Hospital emergency rooms may treat everything from a common cold to a life-threatening bullet wound within the course of a shift. Many hospitals have a policy that no one will be turned away from the emergency room, which means that, along with life-threatening emergencies, many uninsured patients or overly-concerned parents with sick children will also come through the doors of an emergency room. One of the most important jobs of an emergency room physician is to determine who needs immediate treatment and who can wait.
Triage is frequently not as easy of a job as it may seem. While some serious or life-threatening injuries are obvious, others are not. A gushing bullet wound clearly needs to go to the head of the triage line, but people are sometimes suffering from internal injuries or illnesses that are not as visible, yet just as serious. An emergency room physician only has a few minutes, if that, to determine whether a patient's symptoms require immediate attention or whether he or she can wait.

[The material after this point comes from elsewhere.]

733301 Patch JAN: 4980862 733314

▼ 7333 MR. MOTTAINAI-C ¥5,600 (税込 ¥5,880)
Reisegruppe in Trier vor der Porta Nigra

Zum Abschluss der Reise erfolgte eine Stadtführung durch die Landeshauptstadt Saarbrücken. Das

Once triage has been accomplished, an emergency room physician must then be prepared to treat the wide range of symptoms he or she sees every day. Unlike doctors who specialize in a particular area of medicine, an ER doctor must have a working knowledge of all areas of medicine. An ER doctor must know at least enough to refer the patient to a specialist if one is needed, which requires a considerable amount of knowledge about many areas of medicine.

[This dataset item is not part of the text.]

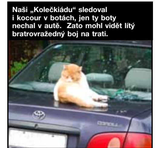
Naši „Kolečkiádu“ sledoval i kocour v botách, jen ty boty nechal v autě. Zato mohl vidět lýtý bratrovražedný boj na trati.
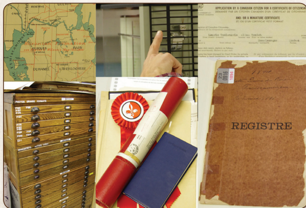
Visite du centre d'archives

En après-midi le personnel de Bibliothèque et Archives nationales du Québec (BAnQ) a traité de la recherche et des services en généalogie, des ressources du Portail de BAnQ et du potentiel généalogique des archives personnelles et familiales. La visite guidée du Centre d'archives de l'Abitibi-Témiscamingue et du Nord-du-Québec fut grandement appréciée.

Aside from actual doctoring, an emergency room physician must also know how to delegate authority and work with the various members of the ER staff. Nurses, technicians, and staff all play a vital role in an emergency room and all look to the attending physician for guidance. For example, once the ER doctor has determined that a patient is not in immediate danger, he may delegate the patient's care to one of the nurses in the ER or may order a technician to complete diagnostic tests on the patient.

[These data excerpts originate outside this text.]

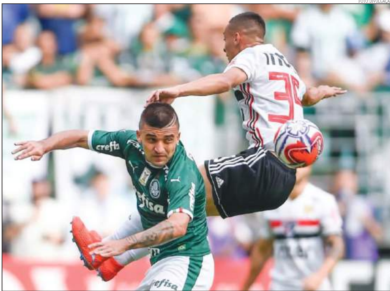
Palmeiras tem jogadores prontos, enquanto SP prioriza jovens da base

Nesta quarta, o Palmeiras terá a grande oportunidade de mostrar que a experiência de seus jogadores pode fazer a diferença diante de um adversário que usa e abusa da juventude. Resta saber como Mano Menezes e Fernando Diniz, que ainda estão iniciando suas respectivas trajetórias no Verdão e no São Paulo, respectivamente, prepararão seus jogadores para o esperado clássico no Allianz Parque.
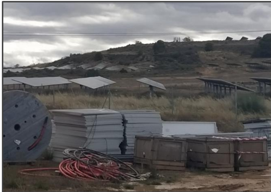
Fotografía 4. Zona de acopio de placas solares deterioradas.
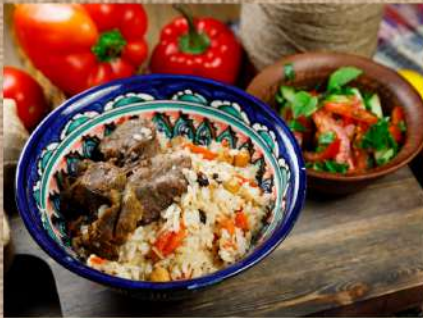
Плов по-Узбекски Uzbek pilaf 350/50гр. 350 P

A good emergency room physician should also know how to contact most of the specialists in the area, in case something comes in that he or she can't treat.
Bedside manner is also important. Most people who are in the ER are usually very upset -- patients and families. A good doctor can reassure people and their loved ones that they know what they're doing and the patient is being treated appropriately. I've seen ER docs who are really good at this, and some who have all the bedside manner of a zombie.
An ER doctor is often going to be the first MD to put hands on a patient, and that person needs to be able to gain a patient's trust, and also to treat that person appropriately.
One important skill an emergency room physician needs is to know when to admit a patient and when to send someone home.
I found my mom on her den floor. She was hallucinating and couldn't walk, where she had been fine the day before. We called an ambulance and got her to the ER. The doctor checked her over, determined nothing was wrong and sent her home. She was still hallucinating.
We ended up taking her back the same night and staying in the ER all night. She saw a neurologist who said she may have had a stroke that just wasn't showing up on the CT scan. I think that's the most likely explanation. She spent five weeks in rehab after that.